What the task asks:
No picture belongs in the answer, which must hold exactly the lines from the one with "Urząd miejski w" through the final line below.

Data shown:
———
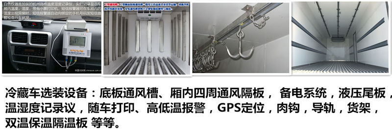 九 选装配置:可选装厢体侧门(单侧门或双开门),可选装铝合金导风槽(导风槽有助于冷气循环,提升制冷效果),可选装厢体顶部加固肉勾滑道(直滑道 或 对接互通式拐弯滑道)。可选装厢体内部采用全面不锈钢材质(海鲜运输必须加装,海水有腐蚀性),可选装280V-380V外接电源(停车熄火后可插电冷机继续制冷工作),可选装温湿度监控记录仪(带打印功能)。
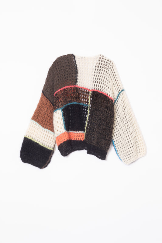[Maiami] Crochet Patchwork Bomber Cardigan - Dark Brown
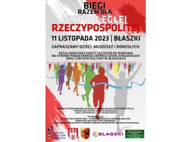 Urząd miejski w Błaszkach (pow. sieradzki) zaprasza na biegi uliczne "Razem dla Niepodległej Rzeczypospolitej", które odbędą się 11 listopada 2023 r. w Błaszkach. Wydarzenie organizują Powiatowy Zespół Szkół w Błaszkach i Centrum Kultury w Błaszkach.
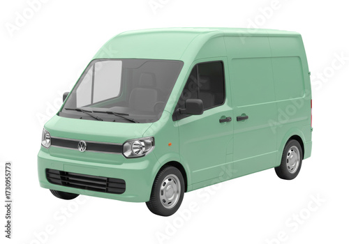 Light green delivery van isolated, commercial vehicle for transportation and logistics on transparent background
———
Solution to this task:
 Urząd miejski w Błaszkach (pow. sieradzki) zaprasza na biegi uliczne "Razem dla Niepodległej Rzeczypospolitej", które odbędą się 11 listopada 2023 r. w Błaszkach. Wydarzenie organizują Powiatowy Zespół Szkół w Błaszkach i Centrum Kultury w Błaszkach.
 Light green delivery van isolated, commercial vehicle for transportation and logistics on transparent background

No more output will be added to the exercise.